Because, you know, imagine if, and it's always easy to do something looking with the benefit
of hindsight, but imagine if the FDA said, okay, you know, Moderna has come up with this vaccine,
it's going to go through rigorous trials.
It hasn't yet, but we're in an emergency time here.
So any U.S. citizen who is courageous enough to take the chance and is willing to sign,
you know, a thick legal document saying that they're not going to sue or anything is welcome
to take this vaccine.
And, you know, it's an experimental vaccine,
so there could be bad effects, probably unlikely, because I think they'd already done a safety trial
before phase three, but, you know, may not work against COVID at all. We could kind of imagine
perhaps millions of people, I mean, I would have certainly entertained that idea if there'd already
been a safety trial on this thing. I mean, why not? And if millions or tens of millions of people have been vaccinated
with Moderna and Pfizer, Johnson & Johnson, whoever knows what else, during the six months
of trial times, we might already be seeing the end of this thing already.
Yeah, the safety stage is the most important part from my point of view. I mean,
whether it's effective or not is obviously important,
but it's the first do-no-harm principle,
which I think everyone is rightly focused on,
especially with a vaccine, because you're not,
as has been pointed out many times before,
this is a medication you're giving to healthy people, by and large.
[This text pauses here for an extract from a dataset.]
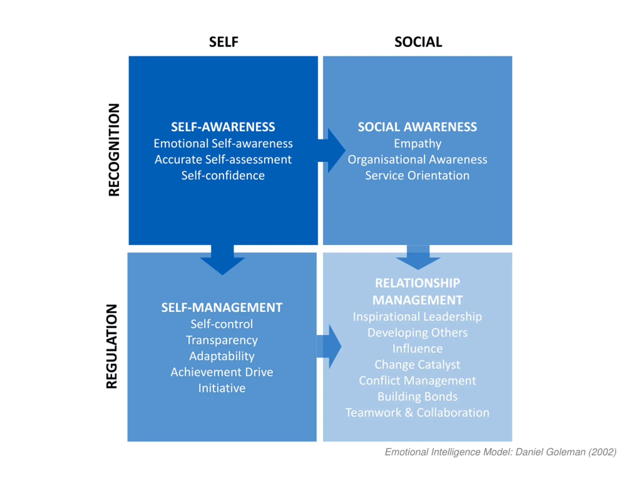 SELF SOCIAL RECOGNITION SELF-AWARENESS Emotional Self-awareness Accurate Self-assessment Self-confidence SOCIAL AWARENESS Empathy Organisational Awareness Service Orientation RELATIONSHIP MANAGEMENT Inspirational Leadership Developing Others Influence Change Catalyst Conflict Management Building Bonds Teamwork & Collaboration SELF-MANAGEMENT Self-control Transparency Adaptability Achievement Drive Initiative REGULATION Emotional Intelligence Model: Daniel Goleman (2002)

This is not an intervention, a new form of chemotherapy
when all other forms have failed you.
So what do you have to lose?
In this case, you have a lot to lose if the vaccine is basically unsafe.
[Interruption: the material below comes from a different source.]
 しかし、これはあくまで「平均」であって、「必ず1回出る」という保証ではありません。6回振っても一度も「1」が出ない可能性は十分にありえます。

And I guess the novelty of the current batch was relevant here.
The more work we do in this area and the more any new vaccine has already been
pre-characterized by similar vaccines in the past, you know, working by a similar mechanism,
perhaps the safety concerns get dialed down quicker.
Yeah, but particularly, and you're right, with the mRNA vaccines,
this was a completely new type of vaccine and safety testing was especially important. But now
that we have seen that these apparently are very safe vaccines, yeah, I do hope the policymakers
take a different approach, like, for instance, with booster shots. Moderna and Pfizer, I believe,
are already working on booster shots to take care of the South African and British variations. If we do need to go through a
six-month trial process for those to get a perfect phase three, I would certainly hope that there
would be an option given to adventurous people, which would certainly include myself, who are
willing to take the chance that this isn't efficacious to get the vaccine before the phase three is done, because we are in
an emergency situation here.
Yeah, well, as should be obvious to everyone who has followed us this far, this is the
beginning of the conversation, not the end.
But I know you and I will both together and independently keep our attention on this front
and we'll certainly surface any good ideas we come across,
any organizations that are moving the dial here,
whether it's in the philanthropic space or for-profit
or rumors of government actions that seem auspicious.
This really just needs to be kept front of mind here.
The pandemic response generally and the SinBio privatization of the apocalypse problem more narrowly.
This is really something that our generation has been tasked to figure out.
And I just want to thank you, Rob, for producing such a comprehensive and comprehensible document
for us to all get started with. Well, it was absolutely a thrill to be able to present it
on your show, Sam. So thank you so much for that.